Exercise requirements -> Leave every picture out and print exactly the lines that run from the one containing "Корейская косметика известна" to the end of the listing.

Data for the task ->

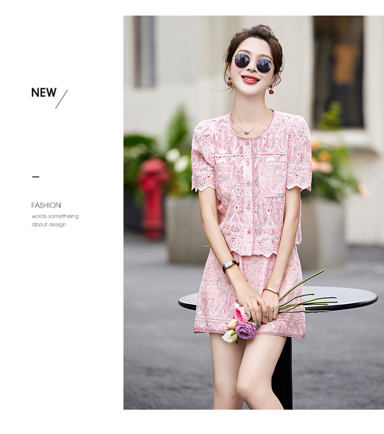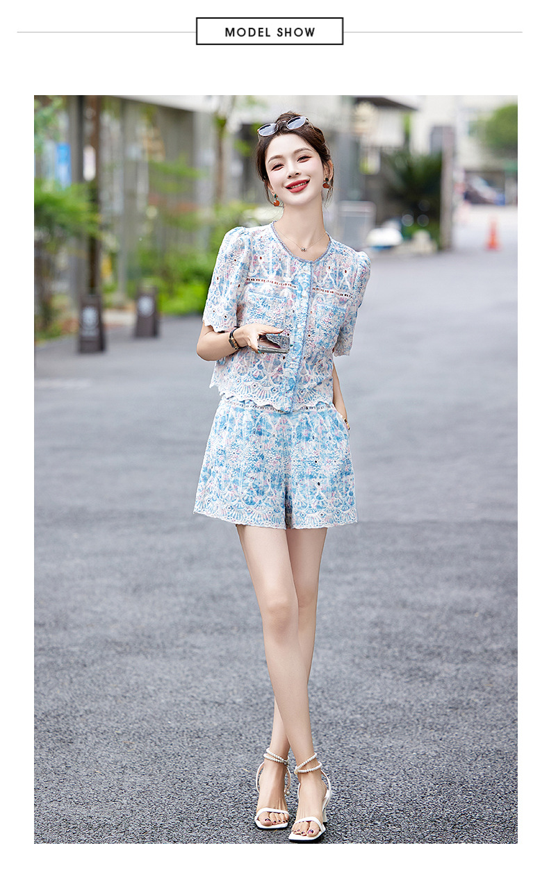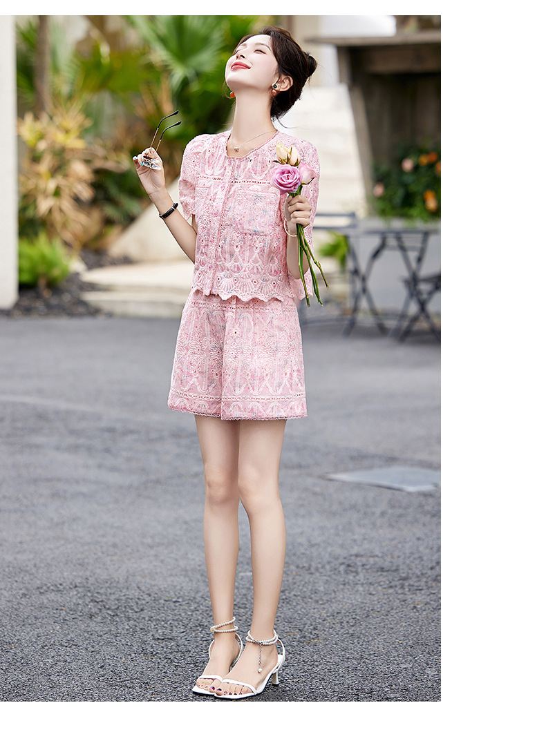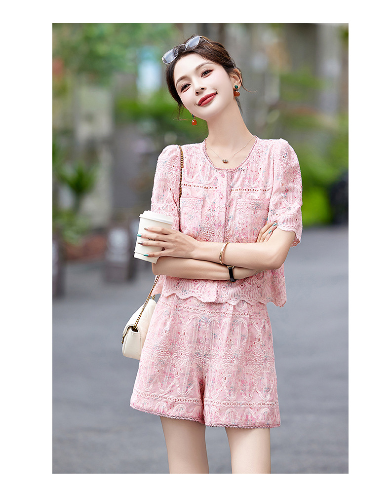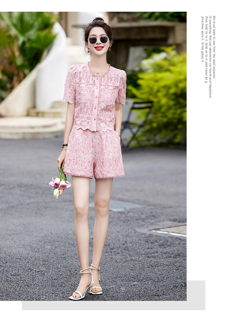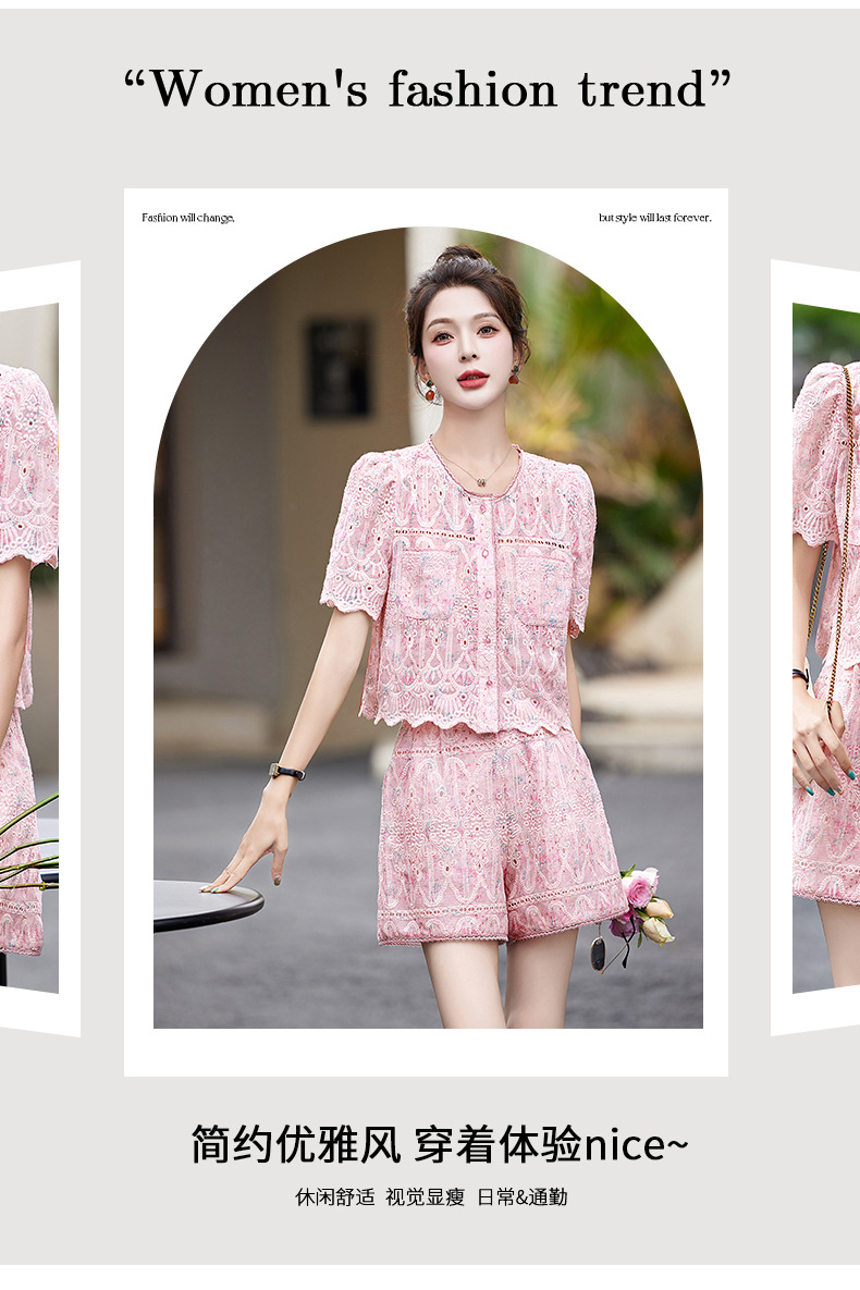 小香风时尚蕾丝,镂空刺绣上衣短裤两件套HR-CPYY8071
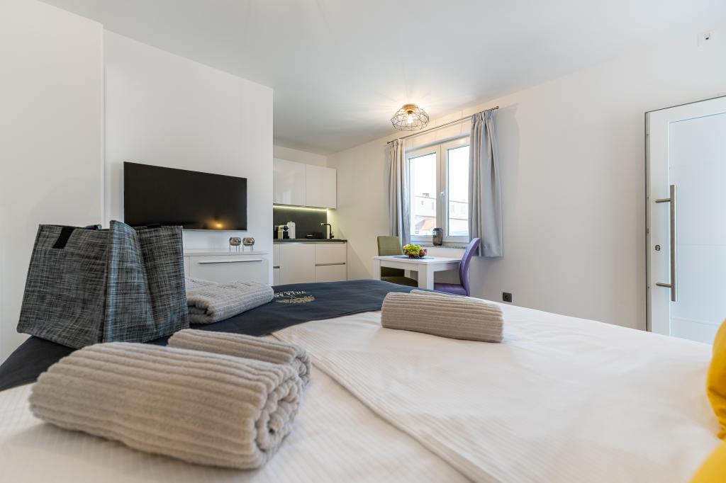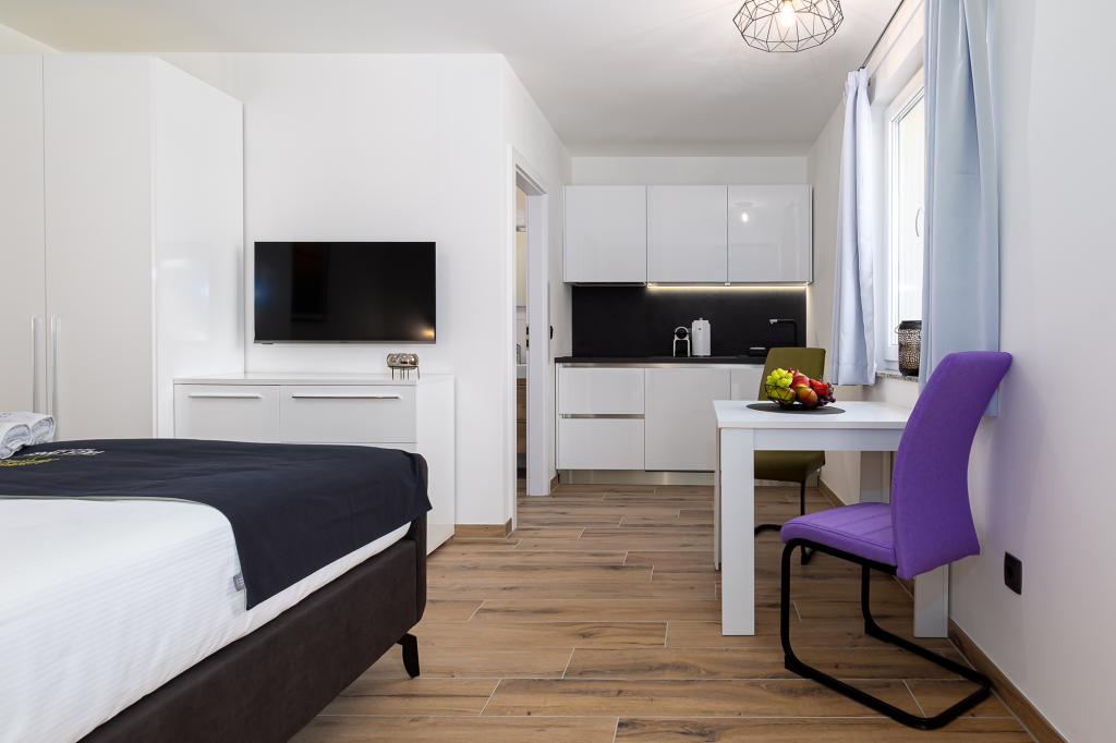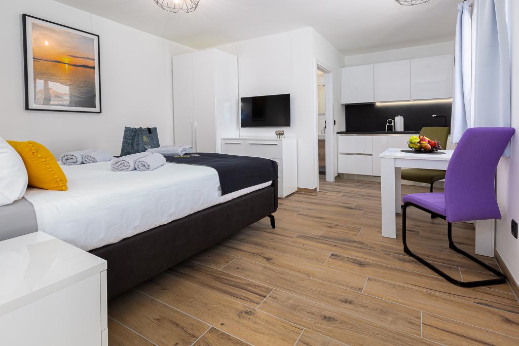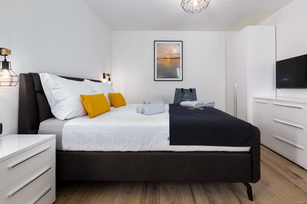 Zůstali jsme tam 7 dní, apartmány jsou 3 minuty chůze od centra města. Apartmány byly čisté, pěkně vybavené vším potřebným a milí hostitelé nám dokonce nechali vodu a pití. Jejich pohostinnost a vřelost předčily očekávání od turistického místa, jako je Biograd, a byli jsme mile překvapeni, jak milí byli. Doporučili nám několik restaurací, nabídli nám odvoz k vile a občas se na nás podívali. 10/10, doporučuji.
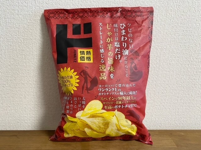 とにかくデカい、こちらのひまわり油100%ポテトチップスはスペインの老舗メーカーが作るワンランク上のポテチ!
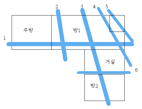 매우 곤란한 상태이지만 방1의 수맥2와 3사이공간, 3과 4의
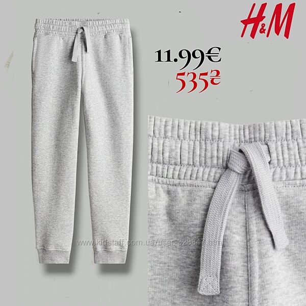 Фото 1-3. Світлосірі. H&M.Наявність. Спортивні штани з м´якої бавовни з м´яким начісованим внутрішнім шаром. Еластичний пояс зі шнурком, бічні кишені та ребристий низ. Злегка звужений крій.Розмір 170 см
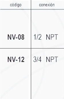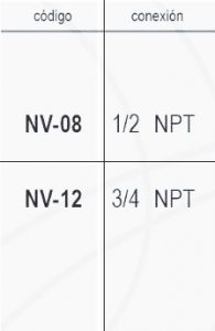 | Codigo | NV08 1/2 NPT, NV12 3/4 NPT |
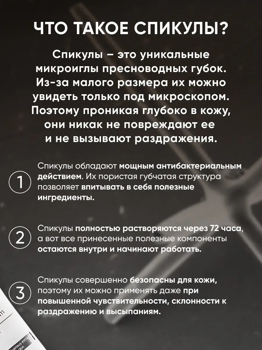 Корейская косметика известна своим качеством и эффективностью. Спикулы совершенно безопасны для кожи, поэтому их можно применять даже при повышенной чувствительности, склонности к раздражению и высыпаниям.
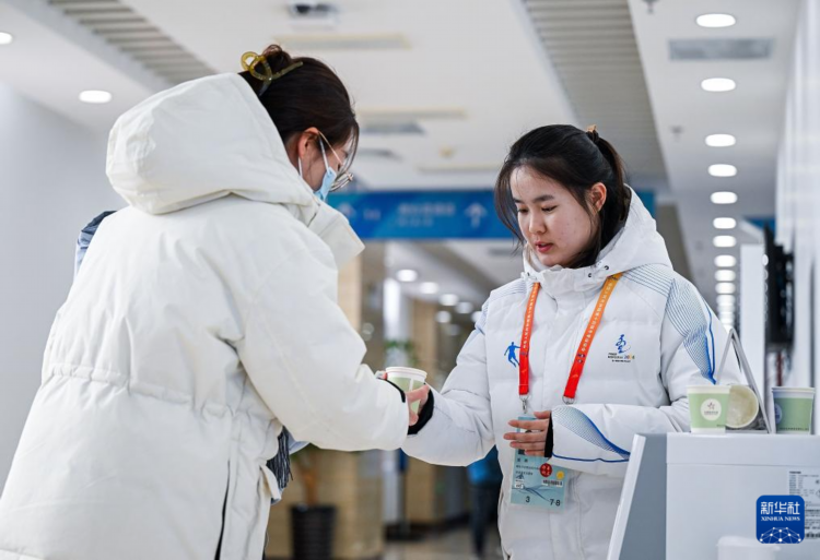 2月18日,来自呼伦贝尔职业技术学院的志愿者张娜(右)为观看短道速滑比赛的观众递上热水。 2月17日,第十四届全国冬季运动会在内蒙古自治区呼伦贝尔市开幕。在“十四冬”赛场内外,有一群默默奉献的志愿者,他们被大家亲切地称为“小雪团”。各赛区志愿者在接待保障、礼仪、竞赛服务、安全保障、兴奋剂检测、场地器材服务等岗位提供志愿服务,为运动员、观众、媒体、工作人员送去温暖。 据了解,此次“十四冬”志愿者总规模超2000人,他们主要来自各赛区高校,其中按照京蒙共青团协作机制,由北京团市委选派了30名北京冬奥会志愿者支援“十四冬”。 新华社记者 连振 摄

Solution to this exercise ->
 Корейская косметика известна своим качеством и эффективностью. Спикулы совершенно безопасны для кожи, поэтому их можно применять даже при повышенной чувствительности, склонности к раздражению и высыпаниям.
 2月18日,来自呼伦贝尔职业技术学院的志愿者张娜(右)为观看短道速滑比赛的观众递上热水。 2月17日,第十四届全国冬季运动会在内蒙古自治区呼伦贝尔市开幕。在“十四冬”赛场内外,有一群默默奉献的志愿者,他们被大家亲切地称为“小雪团”。各赛区志愿者在接待保障、礼仪、竞赛服务、安全保障、兴奋剂检测、场地器材服务等岗位提供志愿服务,为运动员、观众、媒体、工作人员送去温暖。 据了解,此次“十四冬”志愿者总规模超2000人,他们主要来自各赛区高校,其中按照京蒙共青团协作机制,由北京团市委选派了30名北京冬奥会志愿者支援“十四冬”。 新华社记者 连振 摄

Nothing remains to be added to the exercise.